Standing Strong

By Marylene Vestergom

“Falls are the leading cause of injury among older Canadians,” says Public Health Agency of Canada. And yes, as we age, the risk increases.

Did you know:

• 20-30 per cent of seniors experience one or more falls each year

• Falls are the cause of 85 per cent of seniors’ injury-related hospitalizations

• Falls are the cause of 95 per cent of all hip fractures

• 50 per cent of all falls resulting in hospitalization happen at home.

Often falls can be attributed to a lack of balance and a weakness in our support system — our ankles and feet. Let’s face it — being sure-footed at any age can be a challenge, but you can take control by incorporating exercises to improve your balance and build strength in the intrinsic foot muscles.

Dr. Benno M. Nigg, professor emeritus of biomechanics at the University of Calgary, is an advocate of the bottom-up approach, which focuses on increasing the strength of the small muscles crossing the ankle joint.

“Everything starts with the base,” says Nigg. “If you have weak ankle joints, you’re unstable at the base. If you’re unstable at the base, that has an effect up the body, and we have some evidence that this contributes to injuries.”

Nigg thinks we should start thinking laterally. “Train the foot and ankle joints in all directions. Consider if you were building a skyscraper and you need to reinforce its stability. Where do you start? The bottom. 

So whether you’re young or old, if you want to be stable in your movement, strengthen the ankle joints, and by doing that, a lot of things fall into place.”

Toronto’s Norm Spence, a personal trainer and a STOTT Pilates certified instructor, agrees with Niggs’ bottom-up approach. Stability and balance is something Spence focusses on quite frequently in his practice. “Our feet respond to sensations, keeping us aware of our surroundings and footing. That mind-body connection signals if we are walking on a flat or uneven surface, etc. This awareness helps in our stability and balance. Unfortunately, sometimes we don’t notice as our ability to respond to these sensations diminishes; it’s a subtle decline. The good news is it can be restored.”

So where do you start?

First, balance is not just a senior moment. In fact, a recent study published in the “Journal of Gerontology: Medical Sciences” found that balance starts to decline midlife. But Dr. Clarfield at Toronto’s Cleveland Clinic says it’s never too late to improve your balance. “Start focusing on those tiny muscles in your foot and ankle as these are the muscles that allow us to react quickly and provide the stability in our day-to-day activity. Work up to balance exercises to improve stability and balance. If the mechanics are not finely tuned, including flexibility and strength, it can lead to stress and issues with your knees, hips and lower back.”

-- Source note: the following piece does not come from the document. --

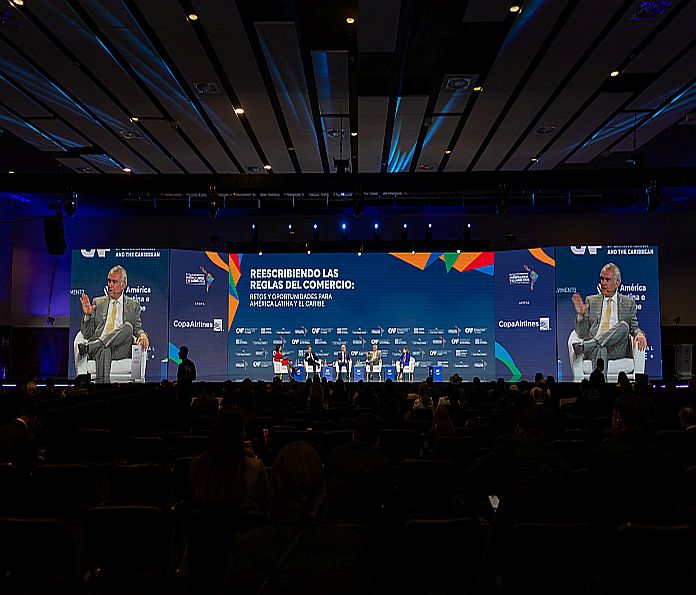 José Manuel Salazar-Xirinachs spoke on a panel entitled Rewriting the Rules of Trade: Challenges and Opportunities for Latin America and the Caribbean, along with Amparo López Senovilla, secretary of state for trade of Spain; Gonzalo Gutiérrez, secretary general of the Andean Community; and Víctor Orlando Bisonó, minister of industry, trade and MSMEs of the Dominican Republic (2020–2026) and current minister of housing, habitat and buildings. The segment was moderated by Gabriela Frías, journalist and presenter for news channel CNN en Español.

And since you don’t need any fancy equipment, Spence says many of these exercises can be done in the comfort of your own home, even before you get out of bed. “You just want to make sure you’re working all directions and you include both dynamic and isometric exercises. The key is to focus on building flexibility and strength and make sure the movements are slow and controlled.”

Make these simple exercises a daily habit. Here are a few suggestions.

Lying in bed

1. Straighten your legs and gently point your toes and hold; then pull your toes toward your shin and hold. The movement should gently rotate your ankle and provide a slight tug on your calf muscles. 

2. In the same position perform ankle circles in both directions; imagine your big toe is a crayon and you’re drawing circles. An added benefit to these movements is maintaining good circulation in the lower legs. Repeat 3 sets of 10 of each movement. 

Standing at a counter or while brushing your teeth

1. Barefoot, stand with your fingers on a counter or window sill, and slowly raise your heels off the floor to stand on your toes. Hold for 4 seconds, then slowly lower your heels to the ground and rest. Repeat 3 sets of 10.  As your strength and balance improve, take your fingers off the counter or progress to one foot only.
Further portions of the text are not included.